Ahead of the 2016 and 2020 presidential and parliamentary elections, the ruling New Patriotic Party led by President Nana Addo Dankwa Akufo-Addo promised to cut unemployment in the country. (John Moore/Getty Images)

Sachibu said some of his friends got jobs in the security sector courtesy of the minister but said the lawmaker could do better.

“He’s doing great for the constituency, but we need him to do more. We have some of our colleagues who got jobs in the public sector through his efforts. We rallied behind him during the elections, so he should give a slot [for a bigger post] to someone from Busunu. We don’t care if the beneficiary supports the government or not.”

Jinapor, 38, a lawyer by profession and son of Mahama Abdulai, a Buipewura, or a traditional chief in Central Gonja district, Savannah Region, defended his development record.

“At a constituency level, we’ve employed a good number of people from here. The government has also done well to create employment opportunities across the country. I won’t quarrel with those who chose to express themselves in the manner they did.”

He said he plans to establish a shea processing factory to support the women and construct a secondary school in Busunu, including “a good number of other interventions we have rolled out.”

Ghana is faced with 12 percent youth unemployment and more than 50 percent underemployment, both higher than overall unemployment rates in Sub-Saharan African countries, according to the World Bank.

Ahead of the 2016 and 2020 presidential and parliamentary elections, the ruling New Patriotic Party led by President Nana Addo Dankwa Akufo-Addo promised to cut unemployment in the country.

Ghana is faced with 12 percent youth unemployment and more than 50 percent underemployment, both higher than overall unemployment rates in Sub-Saharan African countries, according to the World Bank. (Win McNamee/Getty Images)

“You heard the president say he’s going to create a million jobs in the next three years, but the economy is taking a beating due to the Covid-19 pandemic.
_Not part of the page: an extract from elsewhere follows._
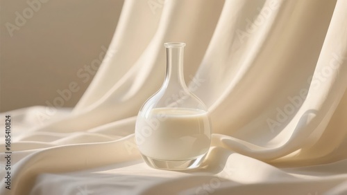 A glass bottle filled with milk placed on a soft, draped fabric background.

But we will still deliver on our promise to the youths,” Jinapor told Zenger News.

A public policy advocate and the executive chair of the Northern Development and Democratic Institute, Mustapha Sanah, said that the young men’s demands were hasty, even though they acted within their rights.
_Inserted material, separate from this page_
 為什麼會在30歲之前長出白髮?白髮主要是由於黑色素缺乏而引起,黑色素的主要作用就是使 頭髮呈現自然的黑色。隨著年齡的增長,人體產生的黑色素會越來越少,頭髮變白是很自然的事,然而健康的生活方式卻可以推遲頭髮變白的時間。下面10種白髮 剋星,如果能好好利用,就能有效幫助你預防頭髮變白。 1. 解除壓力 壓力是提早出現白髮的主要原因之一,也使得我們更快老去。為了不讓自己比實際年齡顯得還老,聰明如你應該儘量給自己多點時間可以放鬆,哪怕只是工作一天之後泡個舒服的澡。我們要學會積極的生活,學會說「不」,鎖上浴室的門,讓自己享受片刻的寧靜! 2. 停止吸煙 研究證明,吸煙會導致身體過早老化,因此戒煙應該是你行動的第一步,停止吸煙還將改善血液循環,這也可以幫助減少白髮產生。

“It is good for them to demand jobs, not food, but I don’t think they’re fair to their member of parliament who has been in the job for barely six months,” he told Zenger News.

“And this unemployment menace has been with us for a very long time.”

He said the youngsters’ action does not signal a change in Ghana’s voter behavior of accepting gifts from politicians for votes.

“It’s too early to say whether what the young people did could be a game-changer in our politics. The outcome of the next elections in December 2024 and the reaction of both the politicians and the voters will tell if Ghana’s politics evolved over the next few years.”